Manhattan’s many neighborhoods are not named according to any particular convention. Some are geographical (the Upper East Side), or ethnically descriptive (Little Italy). Others are acronyms, such as TriBeCa (for “TRIangle BElow CAnal Street”) or SoHo (“SOuth of HOuston”), or the far more recent vintages NoLIta (“NOrth of Little ITAly”) and NoMad (“NOrth of MADison Square Park”). Harlem is a name from the Dutch colonial era after Haarlem, a city in the Netherlands. Alphabet City comprises Avenues A, B, C and D, to which its name refers. Some have simple folkloric names like Hell’s Kitchen alongside their more official but lesser used title Clinton. Some neighborhoods, such as SoHo, are commercial and known for upscale shopping. Others, such as Greenwich Village, the Lower East Side, Alphabet City and the East Village, have long been associated with the Bohemian subculture. Chelsea is a neighborhood with a large gay population, and recently a center of New York’s art industry and nightlife. Washington Heights is a vibrant neighborhood of immigrants from the Dominican Republic. Chinatown has a dense population of people of Chinese descent. Koreatown is roughly bounded by 5th and 6th Avenues, between 31st and 36th Streets. Rose Hill features a growing number of Indian restaurants and spice shops along a stretch of Lexington Avenue between 25th and 30th Streets which has become known as Curry Hill.

In Manhattan, uptown means north (more precisely north-northeast, which is the direction the island and its street grid system is oriented) and downtown means south (south-southwest). This usage differs from that of most American cities, where downtown refers to the central business district. Manhattan has two central business districts, the Financial District at the southern tip of the island, and Midtown Manhattan. The term uptown also refers to the northern part of Manhattan above 72nd Street and downtown to the southern portion below 14th Street, with Midtown covering the area in between, though definitions can be rather fluid depending on the situation.
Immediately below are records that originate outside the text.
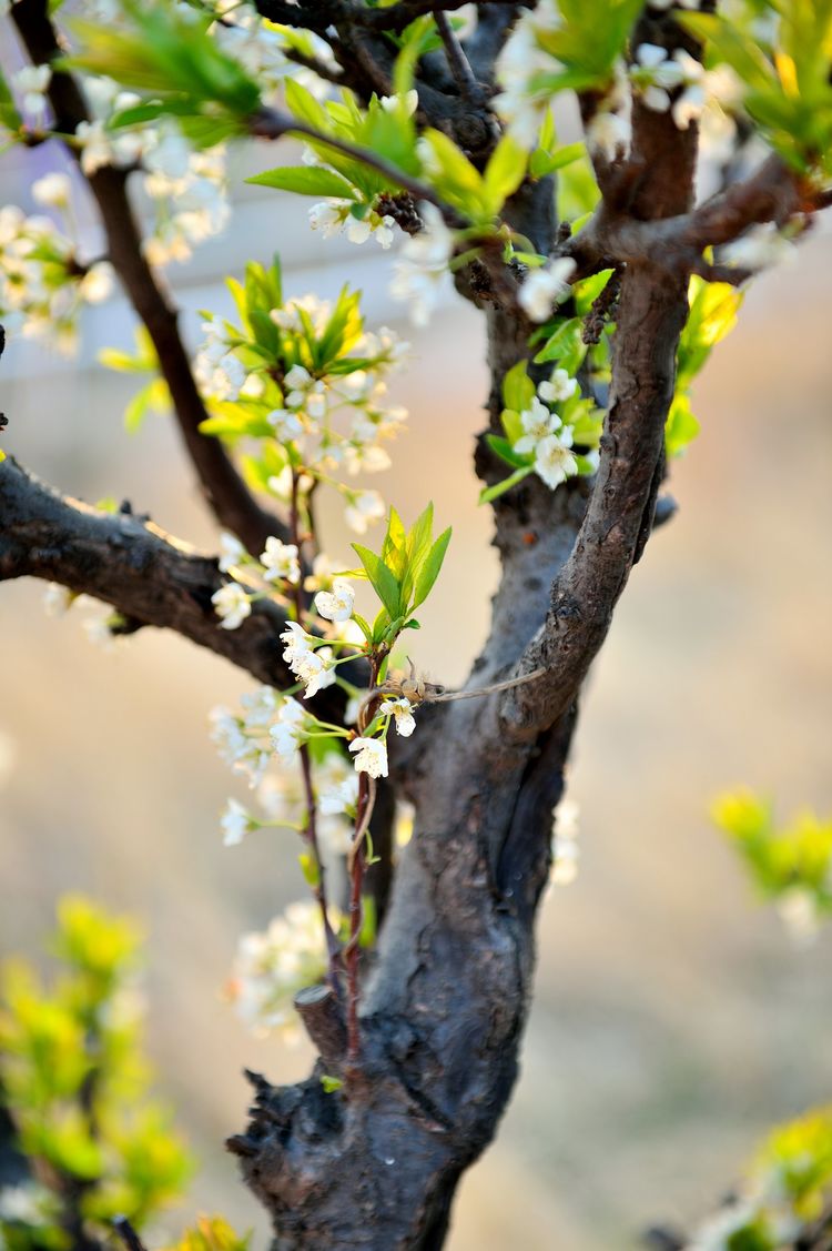 這么多的花, 要數(shù)桃花最為鮮艷多彩。有深紅的,像燃燒的火苗;有紅色的,像小姑娘粉嫩的臉龐;有白里透紅的,像精致臉龐上那精致的粉唇 ,花中間的紅色 那么清新;而我最喜歡的是白色的桃花,一串串的 挨挨擠擠開滿了整顆桃樹,每一支上都有幾串桃花,一小支上就有上百朵小花開滿枝頭,花朵像潔白牙齒一樣整齊的排列著,又像玉一樣那么潔白溫潤(rùn),白色的小花在嫩葉的點(diǎn)綴下 更顯其淡雅。
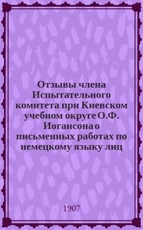 Отзывы профессора Университета св. Владимира Т.Д. Флоринского о письменных ответах по русскому языку лиц, подвергшихся испытанию зрелости в гимназиях и окончательным испытаниям в реальных училищах Киевского учебного округа... ... в 1907 году
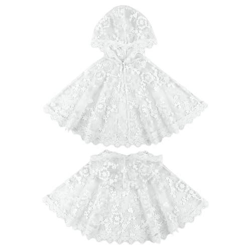 Kids Girls Floral Lace Dress-up Cloak Hooded Poncho Coat Formal Dress Jacket Cover up 2
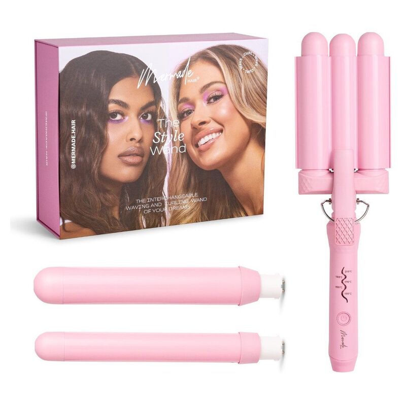 Mermade your way with the interchangeable Style Wand. Coming with three detachable heads, this kit has been curated to take your hair game to the next level. Create coveted curls with the 25mm Curling Tong, big bouncy curls with the 32mm Curling Tongand beachy waves with the 28mm Waver. All you have to do is decide on a vibe, and the day (or night) is yours. Each attachment is made with ionic ceramic so your hair is protected from unnecessary heat damage, while your curls are long-lasting and super shiny. The interchangeable Style Wand is the one-stop hot tool you need to add to your collection.
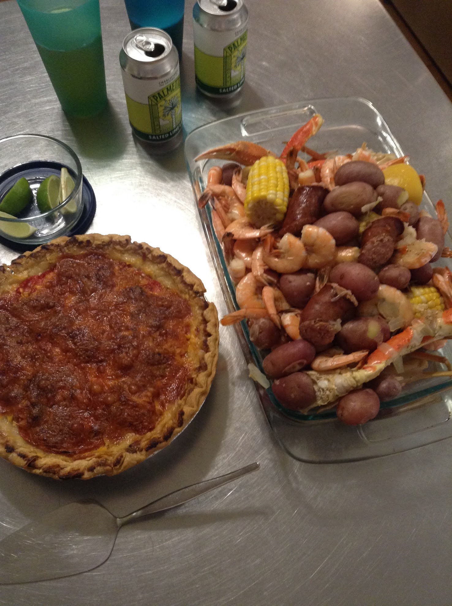 - Low Country Boil. Easy and delicious. - snow crab (Not local. But blue crabs aren’t in season yet.), shrimp, sausage, corn, potatoes.
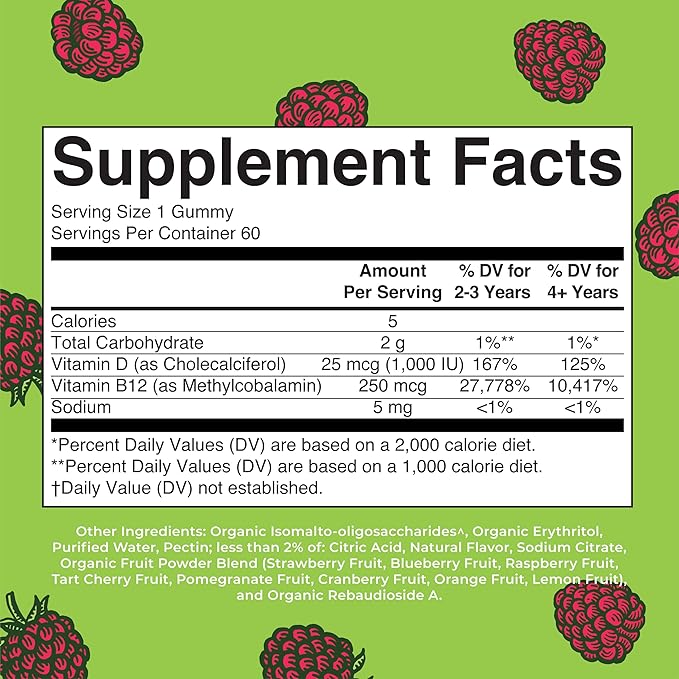 - Vegan Immune Support Gummy Vitamins: No more hard-to-swallow pills or capsules! Ages 2 and over can take 1 gummy per day as recommended by a physician or healthcare professional. Keep out of reach of children because of accidental overdose or choking. Each bottle of vitamin D3 and B12 gummies comes with 30-60 servings. Store in a cool, dry place.
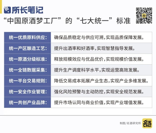 据川酒集团原酒公司董事长代集介绍,“中国原酒梦工厂”还将通过“七大统一”标准,强化川酒原酒品牌塑造。

Central Park divide Midtown into Upper East Side and Upper West Side. Fifth Avenue roughly bisects Manhattan Island and acts as the demarcation line for east/west designations (e.g., East 27th Street, West 42nd Street); street addresses start at Fifth Avenue and increase heading away from Fifth Avenue, at a rate of 100 per block in most places. South of Waverly Place in Manhattan, Fifth Avenue terminates and Broadway becomes the east/west demarcation line. Though the grid does start with 1st Street, just north of Houston Street (pronounced HOW-stin), the grid does not fully take hold until north of 14th Street, where nearly all east-west streets are numerically identified, which increase from south to north to 220th Street, the highest numbered street on the island. Streets in Midtown are usually one way with a few exceptions (14th, 34th and 42nd to name a few). The rule of thumb is odd numbered streets run west while evens run east.

Here you can find the complete Overview of all Theme Weeks.

Read more on NYCgo.com – Manhattan, Wikivoyage Manhattan and Wikipedia Manhattan (Smart Traveler App by U.S. Department of State). Photos by Wikimedia Commons. If you have a suggestion, critique, review or comment to this blog entry, we are looking forward to receive your e-mail at comment@wingsch.net. Please name the headline of the blog post to which your e-mail refers to in the subject line.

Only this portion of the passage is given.